▶ [PROBLEM REQUIREMENTS]
What you give back should be exactly the lines from the one with "由于在游戏当中美云将可以使用" through the final line of the material, pictures removed; please add nothing.

▶ [DATA RECORDS]
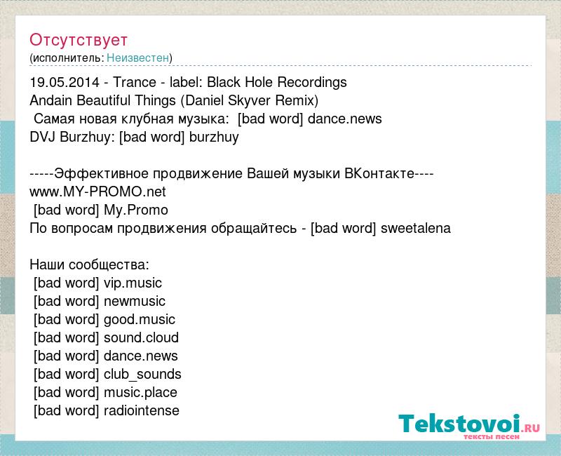19.05.2014 - Trance - label: Black Hole Recordings Andain Beautiful Things (Daniel Skyver Remix) Самая новая клубная музыка: [bad word] dance.news DVJ Burzhuy: [bad word] burzhuy -----Эффективное продвижение Вашей музыки ВКонтакте---- www.MY-PROMO.net [bad word] My.Promo По вопросам продвижения oбращайтесь - [bad word] sweetalena Наши сообщества: [bad word] vip.music [bad word] newmusic [bad word] good.music [bad word] sound.cloud [bad word] dance.news [bad word] club_sounds [bad word] music.place [bad word] radiointense
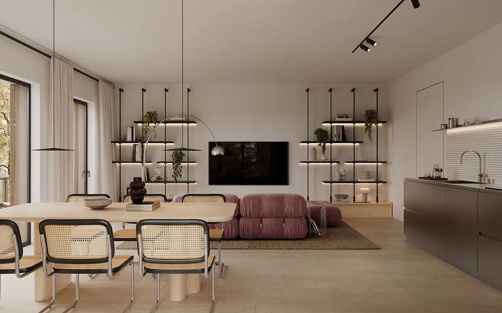 Byt disponuje podlahovým vytápěním, rekuperací, nadstandardní světlou výškou stropu 2,8 m, dřevěnými podlahami a SMARTHOME technologií od společnosti Loxone. Ke každému bytu náleží balkon, terasa nebo předzahrádka a sklepní kóje. Parkovací stání v podzemní garáži je možné dokoupit, včetně místa s wallboxem pro elektromobil. Projekt využívá solární panely, což výrazně snižuje provozní náklady bytového domu a podporuje udržitelný způsob bydlení. Pro tuto nemovitost byly vytvořeny 3D fotorealistické vizualizace přesně podle projektové dokumentace.
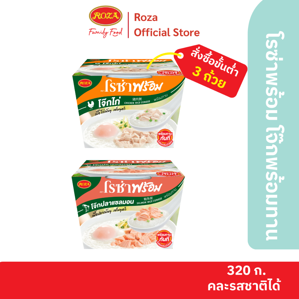 โรซ่าพร้อม โจ๊กพร้อมทาน เมนูโจ๊กปลาแซลมอนและโจ๊กไก่ ขนาด 320 กรัม
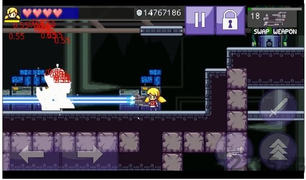 由于在游戏当中美云将可以使用两种武器,所以在游戏中有两个攻击键,一个是枪械进攻,另一个是挥剑攻击敌人。
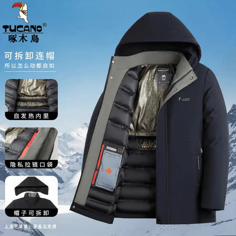 Woodpecker 2024 Fall/Winter New Hooded Warm Windproof Cold-proof Fleece-lined Thickened Dad Men's Cotton Jacket

▶ [EXERCISE RESPONSE]
 由于在游戏当中美云将可以使用两种武器,所以在游戏中有两个攻击键,一个是枪械进攻,另一个是挥剑攻击敌人。
 Woodpecker 2024 Fall/Winter New Hooded Warm Windproof Cold-proof Fleece-lined Thickened Dad Men's Cotton Jacket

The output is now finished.